Notably, research to improve maintenance efficiency is being conducted; however, due to the operational characteristics of the ship, and the difficulty in securing valid data classified according to the characteristics of the machine and system, many studies are not being conducted.

If a defect or breakdown occurs in one of the numerous systems configured in a ship, the ship cannot be operated, and research that can realistically utilize PdM for propulsion engines that have a high maintenance cost burden is urgently needed. Machine learning, a branch of artificial intelligence, is being used as a technology to implement PdM through the condition monitoring of devices and systems [11].

To derive reliable results from machine learning, large amounts of normal and abnormal state data are required, as well as data classification based on the engine’s and each machine system’s control and operational characteristics. However, securing abnormal operation data for ships is difficult because of engine abnormalities when applying TBM-based preventive maintenance, and ship data fluctuate frequently due to control characteristics. In addition, owing to the wide range of steady states of the engine, securing an effective learning database for PdM remains challenging, implying that many limitations exist when implementing the PdM of the engine using machine learning.

Therefore, this study analyzes the operation and control characteristics of the propulsion engine, acquires engine data from the alarm monitoring system (AMS) of the ship in operation, and develops a data preprocessing algorithm that considers the engine control characteristics for data preprocessing. Principal component analysis (PCA) and K-nearest neighbors (KNN), which belong to machine learning algorithms, are used to check whether preprocessing data is classified according to engine control characteristics.

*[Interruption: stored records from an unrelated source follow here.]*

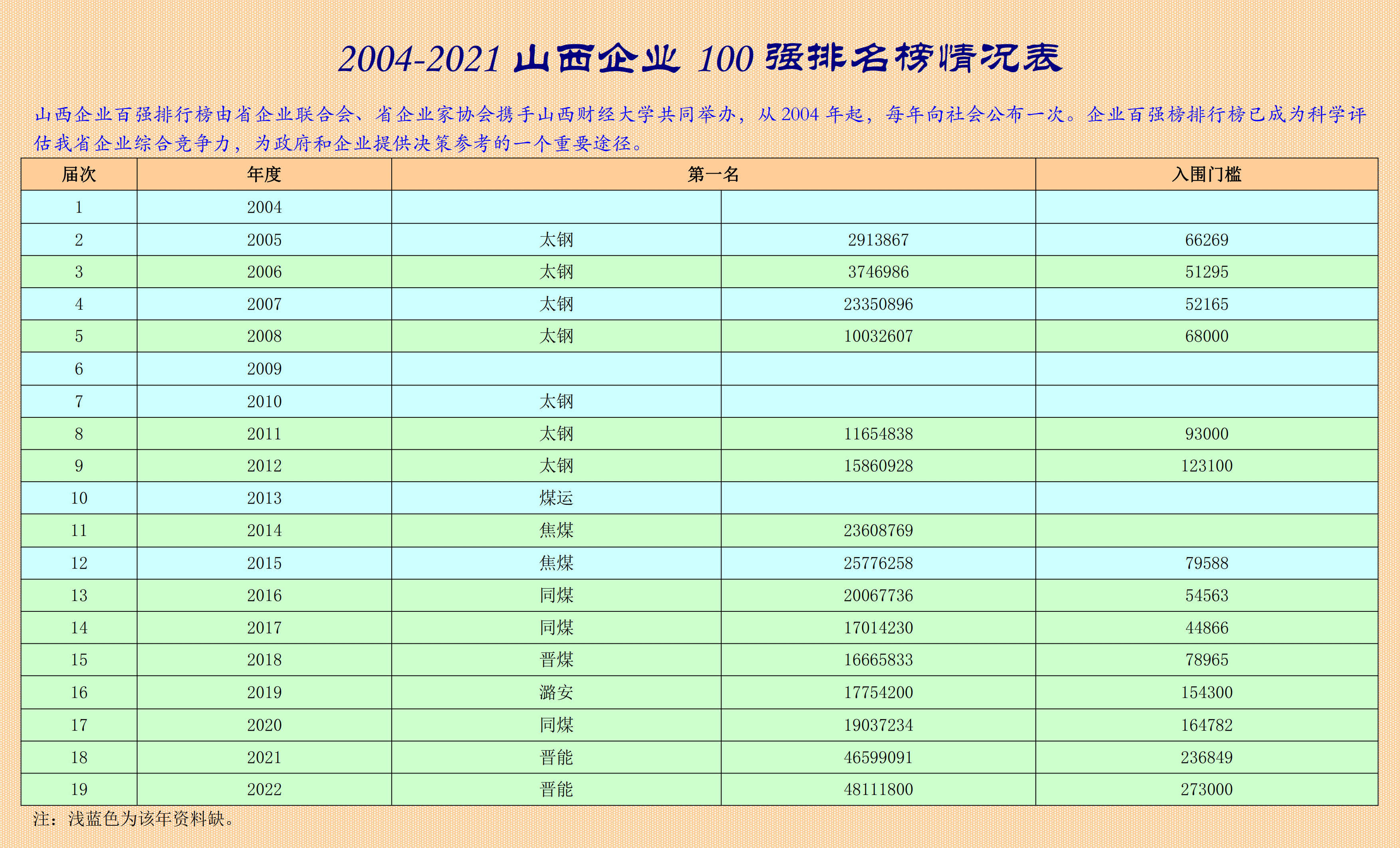 历年山西企业100强排名榜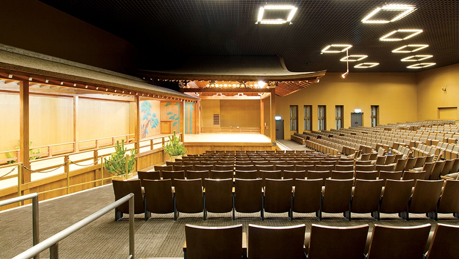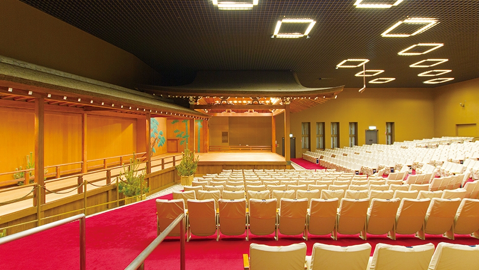 宝生流は、室町時代より続く能のシテ方(※主役を演ずる役者。現在は、シテ方の流派として宝生、観世、金春、金剛、喜多の5流派がある。)の流派です。 拠点の宝生能楽堂は、創建から幾多の変遷を経て、1978年に現在の姿が完成しました。 昨年の35周年を機に、観客へのホスピタリティーを向上するために観客席の全面改修を行ないました。元来は屋外で催されていた能楽(※能と狂言の総称)。その舞台を囲んでいた自然の色調 “アースカラー”をテーマに、劇場環境をリニューアル。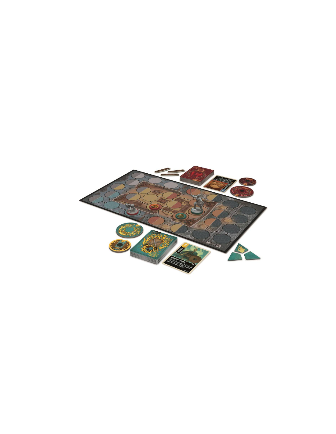 Contenu : 2 figurines Héros, 2 jetons Acolyte, 4 compteurs Santé, 63 cartes, 1 plateau recto verso, 3 jetons Porte, 3 jetons Rage et 1 livret de règles.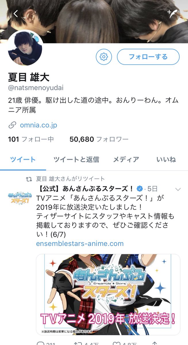 Twitter पर 閻魔帳bot 現時点で 夏目雄大 のアカウントの表記が1枚目のものから2枚目のものに変更 あんステ あんスタ 関連のリツイートが消え プロフィール や所属事務所へのリンクも削除されたことから その理由は推して知るべしといったところか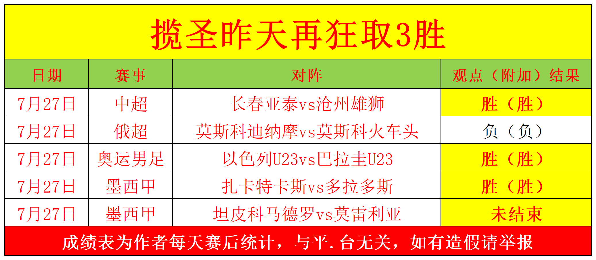 成绩回顾:昨天再次狂取3胜,首先是中超长春亚泰vs沧州雄狮,沧州雄狮不会大败拿下;其次是奥运男足以色列U23vs巴拉圭U23,巴拉圭U23胜拿下;最后墨西甲扎卡特卡斯vs多拉多斯,多拉多斯不会大败再拿下。另外还有一场墨西甲未结束,笔者相信问题不大。今天我们再接再厉!足球比赛是追求长期的稳定,长期的关注才能得益,一时的下滑并不意味着失败,大家不要因为一时的下滑而放弃关注,笔者会努力挖掘更精准的赛事分享给大家,感谢大家的支持。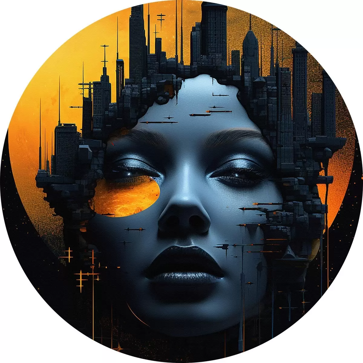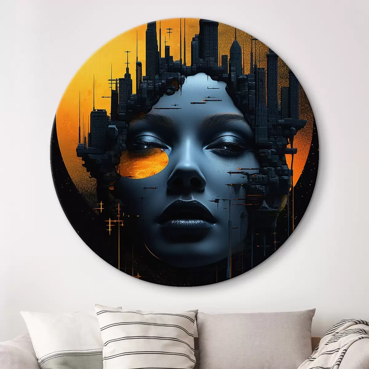 Quadri rotondi Persone, volto di ragazza su sfondo cittadino, astratto r45341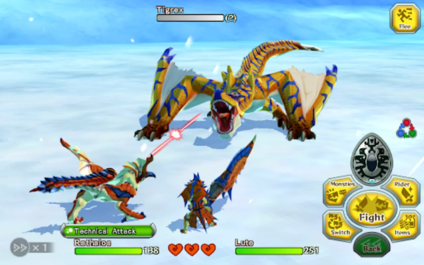 The egg hatches, revealing a baby Rathalos, a flying wyvern also known as "the King of the Skies." The trio affectionately name him "Ratha," and take him back to the village.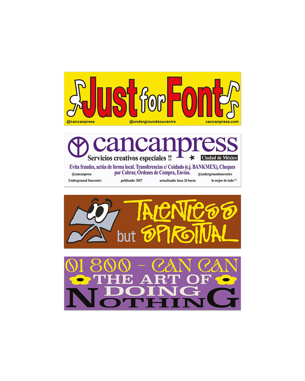 멕시코시티 크리에티브 스튜디오 Can Can Press가 2025년 Underground Souvenirs 시리즈로 선보인 2025 Bumper Sticker Pack은 차량·스케이트보드·노트북 어디에 붙여도 단번에 시선을 훔치는 네 장 한 세트의 아트 스티커입니다. 웹 그래픽·낙서·팬진 감성을 오가는 캔캔 특유의 아이콘이 가득해 판지 상자나 여행 가방에 한 장씩 붙이는 순간 평범한 사물이 즉석에서 DIY 포스터처럼 변신합니다. 매트 마감 방수 비닐(vinyl) 소재를 사용해 차체·헬멧·물병에도 오래 견디며 뒷면은 균일한 점착층으로 찢김 없이 깔끔하게 부착·제거가 가능합니다.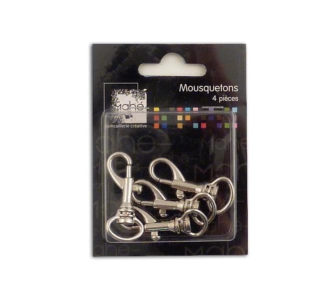 Surtido de 4 mosquetones en metal. Dimensiones : 3,7 cm.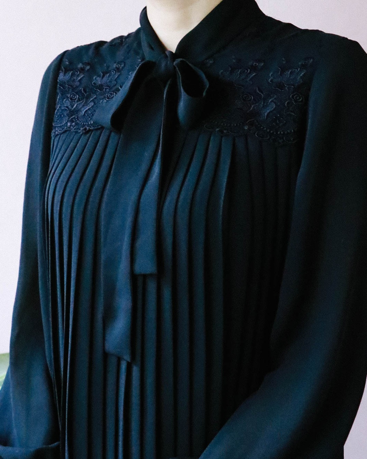 ボウタイはルーズにおろしてもきゅっと結んでも様になります。ゆったりとしたボディーで飽きがこないブラックワンピースは重宝します。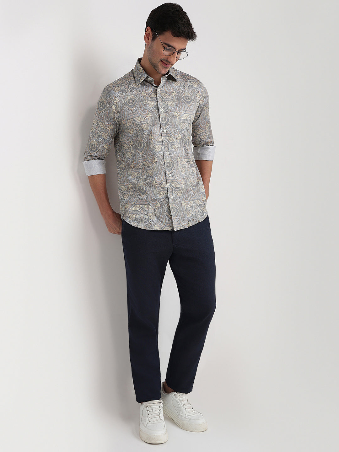 Colorplus Men Brown Printed Regular Fit Cotton Full Sleeve Casual Shirt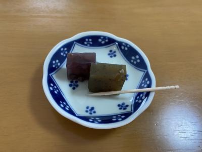 食後はサービスで羊羹をいただきました。- 旅行時期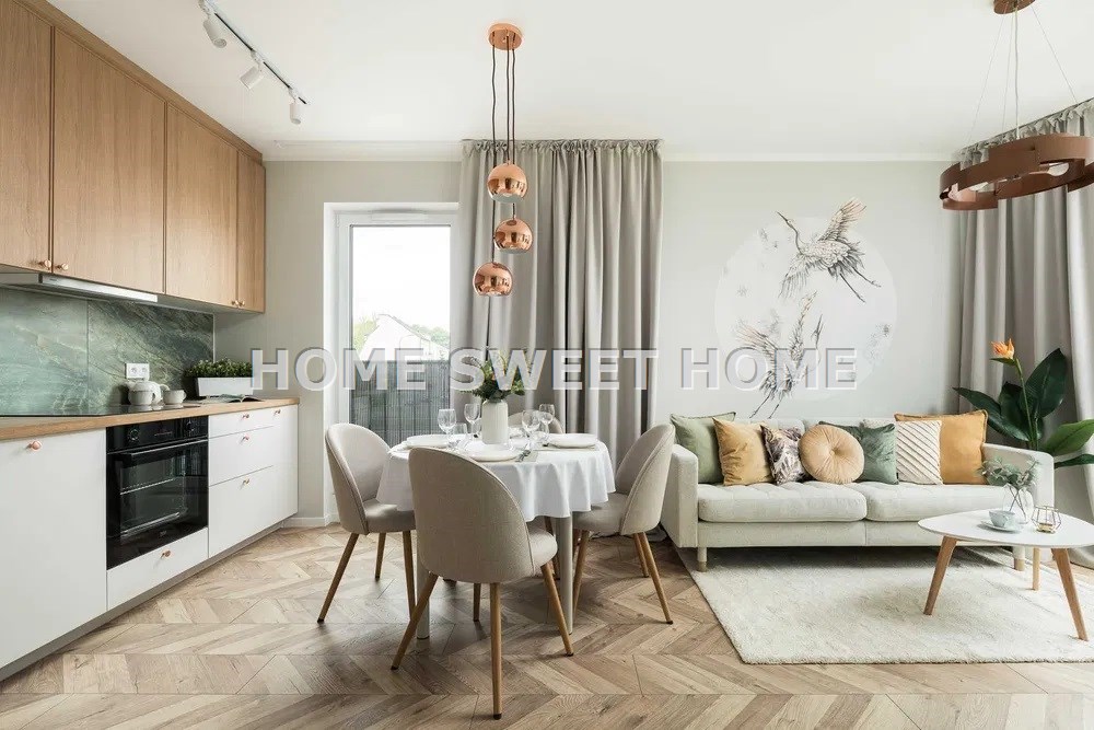 Funkcjonalny układ i nowoczesne wnętrza. Wyodrębniono podział na strefę: dzienną z aneksem kuchennym, sypialnię, pokój dla dziecka lub na gabinet i łazienkę. Zaaranżowano bardzo dużo pojemnych szaf. Zabudowana loggia to aż 7 dodatkowych metrów - komfortowa przestrzeń z wyjściem z każdego pokoju. Może pełnić funkcję zimowego ogrodu, strefy relaksu lub bezpiecznego kącika zabaw dla dziecka.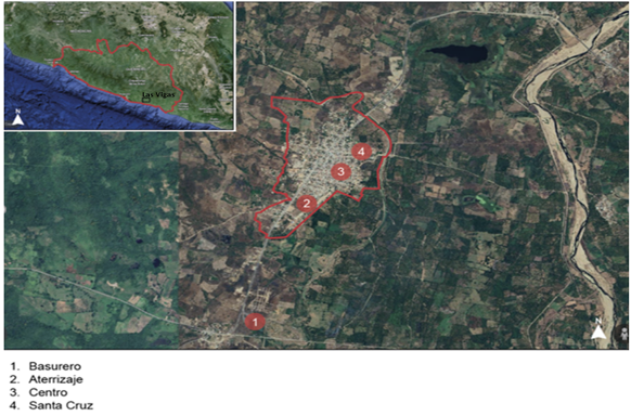 Se seleccionaron cuatro lugares clave (el basurero de Las Vigas y las colonias El Aterrizaje, Centro y Santa Cruz) para llevar a cabo el proceso de observación de RSU y, por ende, el registro de las prácticas y actitudes ciudadanas en el manejo de estos residuos (Figura 1).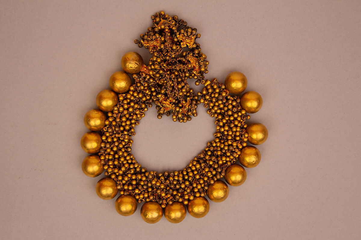 These gold anklets are made up of many small articulated balls that would jingle and move alongside the wearer. One of the anklets is fitted with bells on the tassel. Such jewels would have been worn in the areas of Rajasthan, Malwa, and Madhya Pradesh as part of a suite of jewelry. The use of gold in these pieces indicates that these jewels were made for a person of privilege.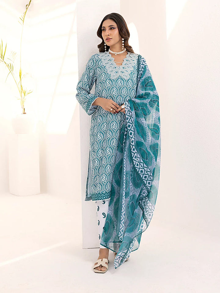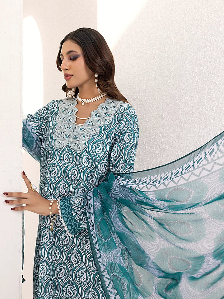 Elegant 3-piece suit in premium printed lawn silk. Includes a breathable shirt, matching trousers, and lightweight dupatta. Perfect for any occasion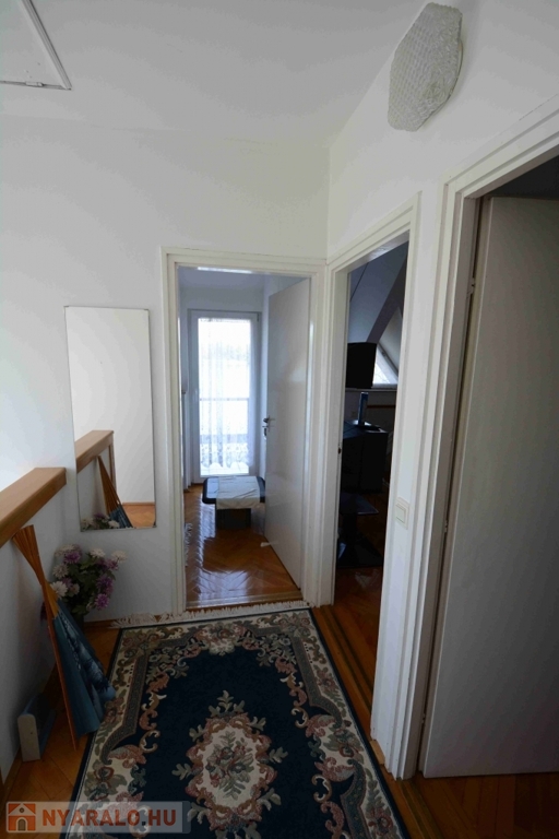Emelet/tetőtér: 2 szoba + fél szoba, fürdő, erkély a Duna felé, melyre két szobából közvetlen kijárat van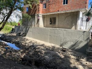 El director del Departamento Administrativo de Valorización Distrital, Rafael Morales, explicó que la solución implementada consistió en la construcción de un muro de contención tipo Invías, similar a los utilizados en grandes taludes de carreteras. “Se trata de un muro en concreto de 30 centímetros de espesor, reforzado con varilla 5/8, con pata de anclaje y zapata estructural que evita desplazamientos, además de una protección en piedra para impedir filtraciones de agua. Esta obra garantiza la estabilidad de la vivienda a largo plazo y, adicionalmente, incrementa el valor del predio”, señaló Morales.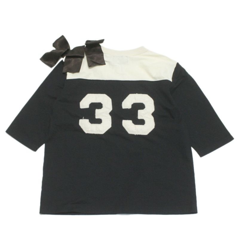 4. [マレ] フットボールリボンT(7分袖) ブラック

By building and verifying an algorithm that can detect abnormal data, a valid learning database necessary for PdM is secured. In addition, an algorithm for detecting the abnormal operation state of an engine is constructed and verified. Thus, the basis of the ship propulsion engine PdM using machine learning is established.

2. Materials and Methods

2.1. Research Target Ship and Data

The ship used to collect operational data was a training ship with a total length of 133 m, a total tonnage of 9196 tons, a cruising distance of 14,500 nmi, and a sailing speed of 17.7 knots, sailing on the coast and an ocean. The ship was equipped with a controllable pitch propeller (CPP) with one thruster each at the fore and aft. It was also equipped with a dynamic positioning system installed to maintain the ship’s position by controlling the surge, way, and yaw among the six degrees of freedom of the ship using the engine, thruster, and CPP.

The research target ship was a vessel equipped with the latest machinery and system to be applied to general ships, such as merchant ships, in the future, and acquiring the data necessary for future PdM technology supply in advance is possible. The established AMS was also selected as a collection ship for operational data because it can acquire more data types than existing ships. Table 1 lists the specifications of ship details.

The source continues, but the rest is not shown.